## Your goal
Print word for word the first line of the listing below and every line after it, through the line with "當公交車轉(zhuǎn)彎時". Leave out the pictures and the rest.

## Given information
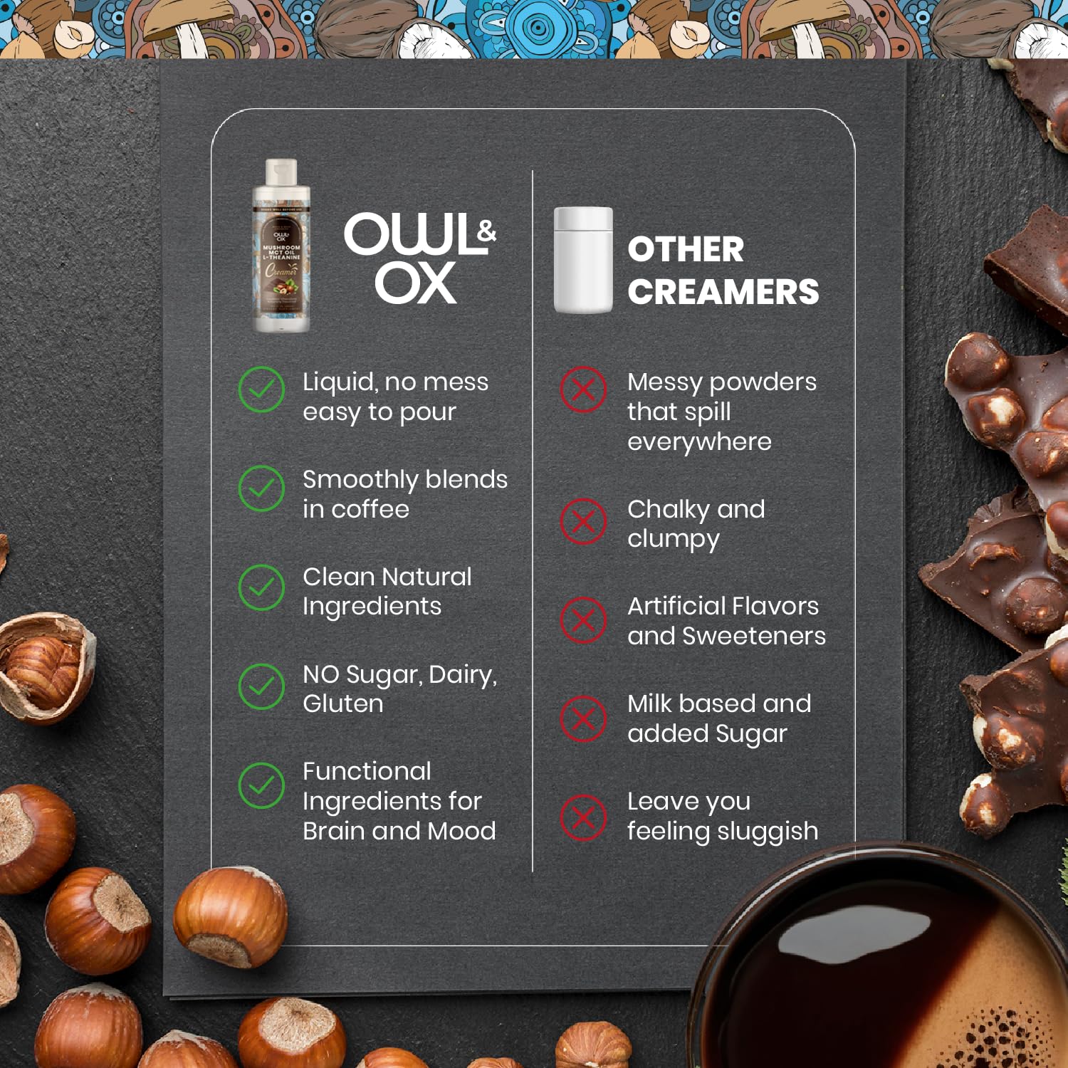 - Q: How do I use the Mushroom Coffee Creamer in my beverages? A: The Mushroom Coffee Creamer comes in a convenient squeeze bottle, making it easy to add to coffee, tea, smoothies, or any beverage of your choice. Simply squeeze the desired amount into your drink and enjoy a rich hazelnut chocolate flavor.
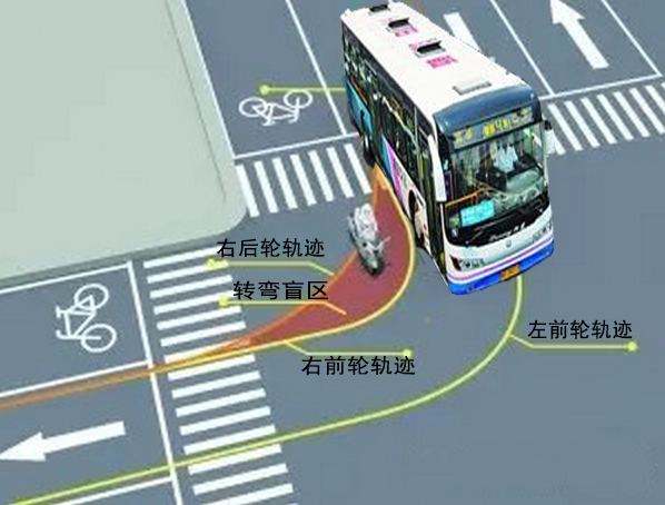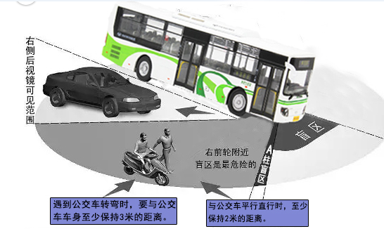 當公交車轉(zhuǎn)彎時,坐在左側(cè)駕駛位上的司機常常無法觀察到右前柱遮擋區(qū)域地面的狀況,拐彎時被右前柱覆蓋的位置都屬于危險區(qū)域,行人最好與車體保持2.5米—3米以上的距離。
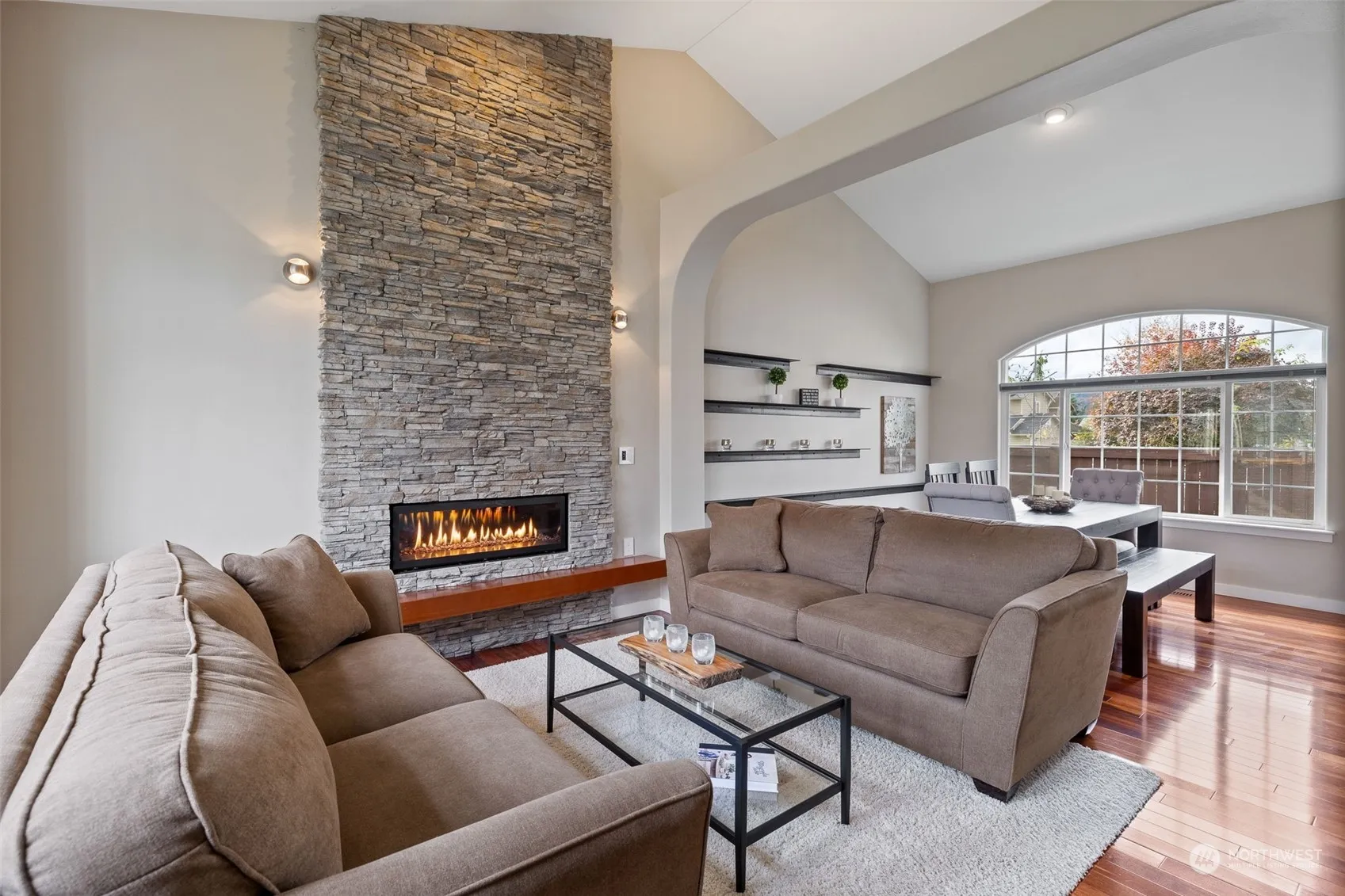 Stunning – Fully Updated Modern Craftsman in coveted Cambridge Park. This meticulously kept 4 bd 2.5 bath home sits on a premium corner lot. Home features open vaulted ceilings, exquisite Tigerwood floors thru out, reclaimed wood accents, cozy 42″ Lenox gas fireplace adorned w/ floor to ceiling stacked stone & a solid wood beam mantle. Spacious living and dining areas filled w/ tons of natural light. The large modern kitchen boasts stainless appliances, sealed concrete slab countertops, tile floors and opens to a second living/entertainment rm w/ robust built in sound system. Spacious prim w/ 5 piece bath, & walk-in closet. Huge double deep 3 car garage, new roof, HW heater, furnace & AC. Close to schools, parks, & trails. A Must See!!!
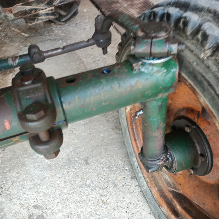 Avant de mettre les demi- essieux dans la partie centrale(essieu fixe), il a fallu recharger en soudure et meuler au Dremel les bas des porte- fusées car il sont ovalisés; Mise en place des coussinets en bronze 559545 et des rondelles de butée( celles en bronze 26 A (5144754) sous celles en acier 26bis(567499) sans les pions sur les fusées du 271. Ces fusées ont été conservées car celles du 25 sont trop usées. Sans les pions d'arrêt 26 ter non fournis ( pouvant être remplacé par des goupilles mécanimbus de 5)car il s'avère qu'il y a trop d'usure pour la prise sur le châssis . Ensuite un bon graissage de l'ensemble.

## Your response
 - Q: How do I use the Mushroom Coffee Creamer in my beverages? A: The Mushroom Coffee Creamer comes in a convenient squeeze bottle, making it easy to add to coffee, tea, smoothies, or any beverage of your choice. Simply squeeze the desired amount into your drink and enjoy a rich hazelnut chocolate flavor.
 當公交車轉(zhuǎn)彎時,坐在左側(cè)駕駛位上的司機常常無法觀察到右前柱遮擋區(qū)域地面的狀況,拐彎時被右前柱覆蓋的位置都屬于危險區(qū)域,行人最好與車體保持2.5米—3米以上的距離。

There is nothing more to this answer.